Lesnar is a self-described Republican who is against radical changes to U.S. health care.
"The reason I'm saying that is because there's millions of people that don't want health care reform and I'm one of them," he said at a news conference Wednesday. "I'm not a believer in socialism and I don't want that going on."
"I believe in health care for everybody," sniffed Manitoba's socialist Health Minister Theresa Oswald, in typical NDP knee-jerk, anti-American superiority. "Canada has lots to be proud of in terms of providing health care for everyone."
Canada has universal health care but you take what the government gives you.
In America, you can spend your own money to enhance the health care you want for yourself and your family. If you can't afford it, you get Canadian-style health care---take a number and wait.
As a well-paid athlete, Brock Lesnar has lots of insurance and, in his profession, he needs it. He wasn't waiting in pain for an essential diagnostic machine to become available.
In Canada, the government takes $100 million of your money and spends it on a Manitoba millionaire's pet project museum and says there's no money for health care.

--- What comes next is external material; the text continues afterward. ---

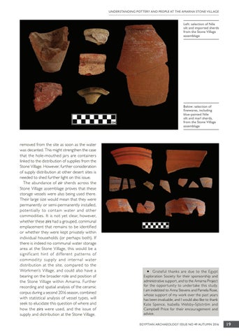 removed from the site as soon as the water was decanted. This might strengthen the case that the hole-mouthed jars are containers linked to the distribution of supplies from the Stone Village. However, further consideration of supply distribution at other desert sites is needed to shed further light on this issue. The abundance of zir sherds across the Stone Village assemblage proves that these storage vessels were also being used there. Their large size would mean that they were permanently or semi-permanently installed, potentially to contain water and other commodities. It is not yet clear, however, whether these zirs had a grouped, communal emplacement that remains to be identified or whether they were kept privately within individual households (or perhaps both). If there is indeed no communal water storage area at the Stone Village, this would be a signif icant hint of different pat terns of commodit y supply and inter nal water distribution at the site, compared to the Workmen’s Village, and could also have a bearing on the broader role and position of the Stone Village within Amarna. Fur ther recording and spatial analysis of the ceramic corpus during a second 2016 season, combined with statistical analysis of vessel types, will seek to elucidate this question of where and how the zirs were used, and the issue of supply and distribution at the Stone Village.

In Manitoba, the government takes your money, spends it on a power line built to impress U.S. eco-lobbyists when the same line on another route could be built for half a billion dollars less, and then says you're bad if you want to keep your own money and buy better health service at a clinic.
When Theresa Oswald eventually moves to the U.S. to live with her husband in Wisconsin will she be buying health insurance for her children? Or will she choose to rely on the state-provided health care?